### Directions:
Among the entries that follow, find every line with the word "dress" and copy it.

Extracted records

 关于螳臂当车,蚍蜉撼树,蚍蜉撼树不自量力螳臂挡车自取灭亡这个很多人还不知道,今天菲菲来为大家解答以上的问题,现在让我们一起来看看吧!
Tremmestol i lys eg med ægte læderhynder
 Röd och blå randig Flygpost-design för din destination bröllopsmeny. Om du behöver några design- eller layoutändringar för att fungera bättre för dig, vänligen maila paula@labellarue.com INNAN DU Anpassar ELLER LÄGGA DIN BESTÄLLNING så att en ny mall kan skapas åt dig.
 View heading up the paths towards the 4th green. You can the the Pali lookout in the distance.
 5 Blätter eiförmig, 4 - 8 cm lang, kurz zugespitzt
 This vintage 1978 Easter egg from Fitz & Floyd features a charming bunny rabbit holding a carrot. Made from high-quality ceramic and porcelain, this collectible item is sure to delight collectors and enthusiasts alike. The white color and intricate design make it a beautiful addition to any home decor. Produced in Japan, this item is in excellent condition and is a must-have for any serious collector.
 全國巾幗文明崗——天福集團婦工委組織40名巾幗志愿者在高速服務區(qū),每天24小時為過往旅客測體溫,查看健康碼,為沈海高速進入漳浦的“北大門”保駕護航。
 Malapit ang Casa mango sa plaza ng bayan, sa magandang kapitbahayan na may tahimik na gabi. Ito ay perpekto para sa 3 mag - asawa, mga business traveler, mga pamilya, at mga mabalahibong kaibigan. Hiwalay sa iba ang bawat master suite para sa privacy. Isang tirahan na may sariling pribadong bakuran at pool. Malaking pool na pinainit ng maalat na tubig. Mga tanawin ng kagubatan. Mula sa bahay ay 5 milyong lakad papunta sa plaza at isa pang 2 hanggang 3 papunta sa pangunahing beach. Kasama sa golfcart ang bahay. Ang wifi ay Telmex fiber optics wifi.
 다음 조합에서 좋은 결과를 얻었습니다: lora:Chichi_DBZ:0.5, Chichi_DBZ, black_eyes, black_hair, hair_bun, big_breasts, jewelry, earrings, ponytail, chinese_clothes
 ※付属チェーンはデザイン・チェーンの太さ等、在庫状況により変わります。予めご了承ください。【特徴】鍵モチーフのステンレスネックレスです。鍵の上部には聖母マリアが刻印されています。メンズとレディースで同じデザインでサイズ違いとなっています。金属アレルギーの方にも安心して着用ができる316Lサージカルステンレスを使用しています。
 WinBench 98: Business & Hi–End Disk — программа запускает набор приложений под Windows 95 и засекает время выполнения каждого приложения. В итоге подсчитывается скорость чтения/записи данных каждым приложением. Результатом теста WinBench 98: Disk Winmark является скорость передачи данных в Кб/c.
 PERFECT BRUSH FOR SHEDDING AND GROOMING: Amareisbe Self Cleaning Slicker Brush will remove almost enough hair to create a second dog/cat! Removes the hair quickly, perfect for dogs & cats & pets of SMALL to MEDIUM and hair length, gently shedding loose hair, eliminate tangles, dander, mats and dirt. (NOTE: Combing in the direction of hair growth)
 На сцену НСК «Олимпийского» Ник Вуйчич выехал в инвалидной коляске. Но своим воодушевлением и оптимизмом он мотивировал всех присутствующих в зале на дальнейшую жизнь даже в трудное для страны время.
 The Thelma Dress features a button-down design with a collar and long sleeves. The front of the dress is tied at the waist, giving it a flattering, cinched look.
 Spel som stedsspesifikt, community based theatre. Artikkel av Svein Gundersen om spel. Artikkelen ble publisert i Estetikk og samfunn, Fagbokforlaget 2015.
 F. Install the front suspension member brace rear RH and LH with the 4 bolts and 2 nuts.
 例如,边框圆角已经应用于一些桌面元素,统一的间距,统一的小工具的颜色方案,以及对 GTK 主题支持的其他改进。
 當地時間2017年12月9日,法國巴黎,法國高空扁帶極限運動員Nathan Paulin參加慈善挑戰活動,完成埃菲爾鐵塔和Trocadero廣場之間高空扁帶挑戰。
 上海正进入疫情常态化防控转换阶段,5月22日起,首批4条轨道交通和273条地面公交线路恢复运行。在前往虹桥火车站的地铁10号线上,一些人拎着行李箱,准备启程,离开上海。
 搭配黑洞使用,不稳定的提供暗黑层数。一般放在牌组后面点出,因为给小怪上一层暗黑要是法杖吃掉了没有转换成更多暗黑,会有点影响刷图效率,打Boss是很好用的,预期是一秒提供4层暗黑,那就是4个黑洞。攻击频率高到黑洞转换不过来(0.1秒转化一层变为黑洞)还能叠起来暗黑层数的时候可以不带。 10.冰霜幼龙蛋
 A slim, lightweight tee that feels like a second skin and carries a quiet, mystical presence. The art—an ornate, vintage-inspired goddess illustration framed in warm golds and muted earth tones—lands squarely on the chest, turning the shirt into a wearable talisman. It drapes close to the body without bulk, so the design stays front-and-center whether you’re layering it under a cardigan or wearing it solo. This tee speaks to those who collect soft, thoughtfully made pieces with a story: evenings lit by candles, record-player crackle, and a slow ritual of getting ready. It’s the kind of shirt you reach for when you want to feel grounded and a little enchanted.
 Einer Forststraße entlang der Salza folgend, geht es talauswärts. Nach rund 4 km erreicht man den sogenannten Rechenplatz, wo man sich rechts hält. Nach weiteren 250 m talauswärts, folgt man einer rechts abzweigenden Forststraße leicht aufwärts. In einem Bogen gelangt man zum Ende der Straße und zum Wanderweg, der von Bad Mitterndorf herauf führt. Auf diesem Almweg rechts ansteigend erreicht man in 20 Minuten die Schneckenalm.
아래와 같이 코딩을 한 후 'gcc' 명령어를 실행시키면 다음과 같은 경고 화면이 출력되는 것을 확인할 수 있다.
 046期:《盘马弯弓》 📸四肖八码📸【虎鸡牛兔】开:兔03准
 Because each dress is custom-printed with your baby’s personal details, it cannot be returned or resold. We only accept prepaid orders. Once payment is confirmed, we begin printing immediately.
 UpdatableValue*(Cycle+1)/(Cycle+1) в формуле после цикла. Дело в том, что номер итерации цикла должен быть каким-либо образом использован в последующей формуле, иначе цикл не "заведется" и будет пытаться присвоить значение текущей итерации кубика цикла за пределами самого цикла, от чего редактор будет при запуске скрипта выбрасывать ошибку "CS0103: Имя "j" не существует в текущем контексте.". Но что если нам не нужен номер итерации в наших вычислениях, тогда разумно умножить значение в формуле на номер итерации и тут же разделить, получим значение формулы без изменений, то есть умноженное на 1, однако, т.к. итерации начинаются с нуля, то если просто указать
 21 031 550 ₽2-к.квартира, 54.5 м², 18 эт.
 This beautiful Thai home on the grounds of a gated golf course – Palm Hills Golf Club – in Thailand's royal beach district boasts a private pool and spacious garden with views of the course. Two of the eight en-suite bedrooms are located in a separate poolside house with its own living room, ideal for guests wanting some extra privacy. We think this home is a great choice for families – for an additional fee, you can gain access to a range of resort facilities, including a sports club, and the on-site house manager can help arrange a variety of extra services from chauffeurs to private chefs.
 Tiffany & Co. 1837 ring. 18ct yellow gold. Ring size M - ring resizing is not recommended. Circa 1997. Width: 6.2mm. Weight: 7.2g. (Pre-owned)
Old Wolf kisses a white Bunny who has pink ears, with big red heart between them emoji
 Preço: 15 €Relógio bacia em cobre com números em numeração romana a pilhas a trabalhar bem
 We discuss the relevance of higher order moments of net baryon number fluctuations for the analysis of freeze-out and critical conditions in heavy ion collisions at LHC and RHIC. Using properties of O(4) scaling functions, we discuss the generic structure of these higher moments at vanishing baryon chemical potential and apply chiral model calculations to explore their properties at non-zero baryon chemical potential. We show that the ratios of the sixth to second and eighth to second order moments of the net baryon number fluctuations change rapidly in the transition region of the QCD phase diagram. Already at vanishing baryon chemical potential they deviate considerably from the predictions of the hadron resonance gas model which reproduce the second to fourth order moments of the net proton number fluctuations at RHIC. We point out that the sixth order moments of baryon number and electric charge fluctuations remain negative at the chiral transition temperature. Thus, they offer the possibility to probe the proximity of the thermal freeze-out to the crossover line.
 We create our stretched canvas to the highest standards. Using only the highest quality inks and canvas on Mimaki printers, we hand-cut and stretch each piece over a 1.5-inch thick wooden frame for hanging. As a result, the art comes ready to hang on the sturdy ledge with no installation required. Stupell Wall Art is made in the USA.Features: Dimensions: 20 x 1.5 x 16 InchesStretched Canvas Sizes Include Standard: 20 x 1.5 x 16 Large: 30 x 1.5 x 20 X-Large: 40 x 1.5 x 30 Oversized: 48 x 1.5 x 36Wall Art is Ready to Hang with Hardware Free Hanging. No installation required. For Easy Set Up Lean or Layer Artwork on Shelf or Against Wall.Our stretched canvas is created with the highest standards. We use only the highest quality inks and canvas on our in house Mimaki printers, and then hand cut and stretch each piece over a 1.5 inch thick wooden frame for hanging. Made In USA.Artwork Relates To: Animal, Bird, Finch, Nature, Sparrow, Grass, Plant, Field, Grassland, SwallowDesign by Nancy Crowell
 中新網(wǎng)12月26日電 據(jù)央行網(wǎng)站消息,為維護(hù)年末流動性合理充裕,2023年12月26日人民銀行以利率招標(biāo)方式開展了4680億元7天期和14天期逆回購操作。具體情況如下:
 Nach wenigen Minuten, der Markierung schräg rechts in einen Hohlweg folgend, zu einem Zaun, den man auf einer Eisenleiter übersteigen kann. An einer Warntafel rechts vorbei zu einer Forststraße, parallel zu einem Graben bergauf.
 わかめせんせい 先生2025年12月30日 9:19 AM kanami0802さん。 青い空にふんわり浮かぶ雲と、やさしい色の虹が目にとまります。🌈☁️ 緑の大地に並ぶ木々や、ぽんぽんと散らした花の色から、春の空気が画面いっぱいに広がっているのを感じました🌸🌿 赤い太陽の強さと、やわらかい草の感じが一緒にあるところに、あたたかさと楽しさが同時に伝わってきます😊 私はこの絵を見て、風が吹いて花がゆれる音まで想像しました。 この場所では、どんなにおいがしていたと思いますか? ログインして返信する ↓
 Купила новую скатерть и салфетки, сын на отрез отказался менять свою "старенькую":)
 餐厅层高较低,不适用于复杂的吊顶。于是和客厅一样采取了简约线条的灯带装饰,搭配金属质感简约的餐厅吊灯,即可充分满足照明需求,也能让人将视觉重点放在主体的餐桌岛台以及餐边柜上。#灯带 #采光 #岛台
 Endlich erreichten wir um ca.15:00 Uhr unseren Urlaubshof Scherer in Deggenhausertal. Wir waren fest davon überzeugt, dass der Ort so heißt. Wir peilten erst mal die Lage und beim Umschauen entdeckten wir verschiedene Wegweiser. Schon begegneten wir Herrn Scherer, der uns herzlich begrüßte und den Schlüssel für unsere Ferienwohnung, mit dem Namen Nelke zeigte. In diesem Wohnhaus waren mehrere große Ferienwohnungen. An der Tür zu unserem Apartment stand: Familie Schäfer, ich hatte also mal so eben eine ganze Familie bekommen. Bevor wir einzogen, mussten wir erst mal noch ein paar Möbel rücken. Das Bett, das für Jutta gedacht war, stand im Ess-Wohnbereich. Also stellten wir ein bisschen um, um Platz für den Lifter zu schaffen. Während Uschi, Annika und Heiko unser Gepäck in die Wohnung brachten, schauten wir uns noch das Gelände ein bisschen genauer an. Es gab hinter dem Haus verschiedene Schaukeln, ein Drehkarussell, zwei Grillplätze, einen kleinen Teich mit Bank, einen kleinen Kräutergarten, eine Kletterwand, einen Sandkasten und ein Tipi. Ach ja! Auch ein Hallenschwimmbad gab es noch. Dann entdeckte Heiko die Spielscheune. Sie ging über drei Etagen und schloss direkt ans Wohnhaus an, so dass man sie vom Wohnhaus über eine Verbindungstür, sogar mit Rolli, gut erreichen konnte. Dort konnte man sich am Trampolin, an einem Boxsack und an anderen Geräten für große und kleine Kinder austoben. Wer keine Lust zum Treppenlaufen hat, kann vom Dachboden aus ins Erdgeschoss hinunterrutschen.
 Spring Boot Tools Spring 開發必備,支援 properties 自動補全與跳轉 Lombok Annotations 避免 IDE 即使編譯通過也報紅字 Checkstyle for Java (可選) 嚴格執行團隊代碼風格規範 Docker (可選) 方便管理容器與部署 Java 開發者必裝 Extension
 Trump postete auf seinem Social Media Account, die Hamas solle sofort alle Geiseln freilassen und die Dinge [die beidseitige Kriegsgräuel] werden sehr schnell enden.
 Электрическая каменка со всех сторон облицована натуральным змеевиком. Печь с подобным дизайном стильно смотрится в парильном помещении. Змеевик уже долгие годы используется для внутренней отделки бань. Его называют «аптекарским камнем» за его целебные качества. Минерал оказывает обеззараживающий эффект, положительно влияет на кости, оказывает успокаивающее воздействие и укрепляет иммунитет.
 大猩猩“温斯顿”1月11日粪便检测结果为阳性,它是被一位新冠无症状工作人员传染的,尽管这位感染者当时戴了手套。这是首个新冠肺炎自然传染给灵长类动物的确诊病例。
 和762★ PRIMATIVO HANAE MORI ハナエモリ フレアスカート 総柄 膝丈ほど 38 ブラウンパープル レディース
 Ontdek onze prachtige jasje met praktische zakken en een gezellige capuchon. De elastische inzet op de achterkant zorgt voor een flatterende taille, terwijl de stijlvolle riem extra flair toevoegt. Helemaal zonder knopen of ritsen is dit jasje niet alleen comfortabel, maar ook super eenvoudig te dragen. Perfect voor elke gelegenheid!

### Exercise response:
 The Thelma Dress features a button-down design with a collar and long sleeves. The front of the dress is tied at the waist, giving it a flattering, cinched look.
 Because each dress is custom-printed with your baby’s personal details, it cannot be returned or resold. We only accept prepaid orders. Once payment is confirmed, we begin printing immediately.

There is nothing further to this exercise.